PTEN enhances the radiosensitivity of melanoma by inhibiting DNA-PKcs
Shengqian Zhu, Haitao Xu, Fu Shen, Fangying Chen, Yangjian Wang

TL;DR
This study shows that PTEN makes melanoma cells more sensitive to radiation by blocking DNA repair pathways, which could help improve radiotherapy for melanoma patients.
Contribution
The study reveals that PTEN enhances melanoma radiosensitivity by inhibiting DNA-PKcs and NHEJ repair mechanisms.
Findings
PTEN expression is lower in melanoma tissues and cell lines compared to normal controls.
PTEN overexpression increases radiosensitivity by inhibiting DNA-PKcs and reducing DNA repair.

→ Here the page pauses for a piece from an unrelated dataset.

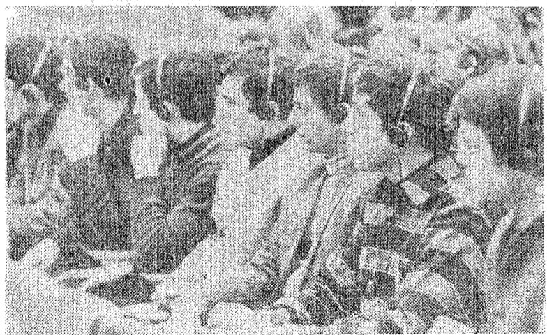
Grupp üliõpilasi Saksa Demokraatlikust Vabariigist.

Vahetati mõtteid kõrgema kooli komsomolitöö probleemidest, tutvuti Tallinna vaatamisväärsustega, käidi vabaõhmuuseumis Rocca al Mare.

PTEN knockdown activates p-ATM/p-Chk2 signaling and reduces apoptosis after radiation.
Abstract
The phosphatase and tensin homolog (PTEN) is a classical tumor-suppressor gene. Its expression deficiency concurrently drives disease progression in approximately 30% of melanomas and is closely associated with radiotherapy tolerance. However, there is a lack of systematic evidence regarding whether and how PTEN regulates the radiosensitivity of melanoma. The expression of PTEN was validated using TCGA database, clinical tissue microarrays, and multiple melanoma cell lines. PTEN knockdown (PTEN-KD) and PTEN overexpression (PTEN-OE) stable cell lines were constructed using lentiviral vectors. CCK-8, colony formation assay, annexin V/PI flow cytometry, neutral comet assay, cell-cycle analysis, and Western blotting were used to assess the biological changes in cells after 0 Gy–8 Gy γ-ray irradiation (IR). A cell-derived xenograft model was established, and the tumor volume was observed…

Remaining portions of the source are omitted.